The governor also signed a contentious environmental permitting bill, a measure dealing with "cyberbulling," and a bill dealing with school safety procedures.
The legislation (HB 701) targeting EBT cards created a heated debate in the Legislature.
EBT cards — standing for electronic benefit transfer — are like debit cards. Welfare recipients use them to draw down their benefits.
Critics called the bill offensive to poor people. But the bill's sponsor, Rep. Jimmie Smith, said that voting against his measure was like "voting for lap dances on taxpayer dollars."
Other bills signed by Scott included:
— Cyberbullying (HB 609): The new law would expand the authority of Florida's public schools to discipline students for cyberbullying done through use of a school computer, at the site of a school-sponsored activity or on a school bus. The legislation defines "cyberbullying" as harassment through the use of computers, technology or electronic communications.
— School safety (SB 284): The measure requires public safety agencies to notify private schools when an emergency threatening student safety occurs. The legislation also authorizes public and private schools to maintain a supply of epinephrine auto injectors in a secure location for use in an emergency situation by authorized students and trained school personnel.

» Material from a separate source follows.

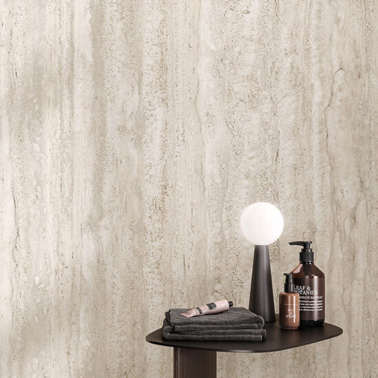 Le carrelage Travertino Light se pose aussi bien en intérieur qu’en extérieur. Si votre projet le permet, il est donc possible de créer une continuité entre salon et terrasse par exemple. Mais aussi, ce type de carrelage trouve parfaitement sa place dans les salles de bain.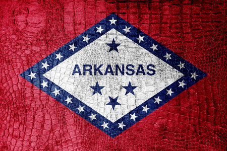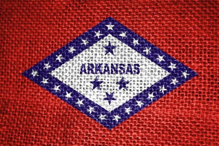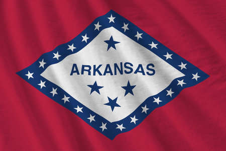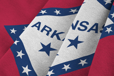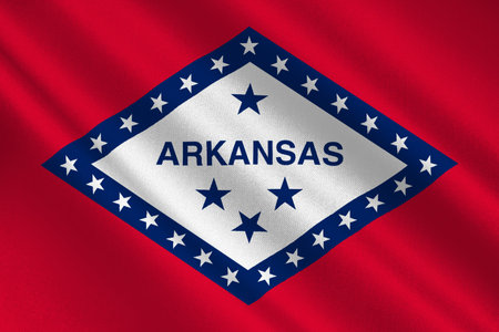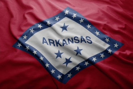 Realistic flag State of Arkansas on the wavy surface of fabric. Perfect for background or texture purposes.

— Environmental permitting (HB 999): This wide-ranging bill includes a provision that will end a legal challenge to two no-bid, 30-year lease extensions for sugar and vegetable farming in the state-owned Everglades Agricultural Area.
Scott and members of the Florida Cabinet approved the leases on about 14,000 acres in Palm Beach County in exchange for other property needed for Everglades restoration.
One of the lawyers challenging the leases called the extensions contrary to the public interest because they would continue the flow of agricultural pollutants into the Everglades for an excessive period.
The legislation, however, declares that the leases are not contrary to public interest and will help the state with its overall Everglades restoration efforts.
Scott also signed a bill that would aid victims of human trafficking. The new law (HB 1325) would aid victims who are coerced into various types of servitude, including those forced to work in the sex trade, and allow a victim to petition a court to expunge records of any convictions while the victim was being coerced.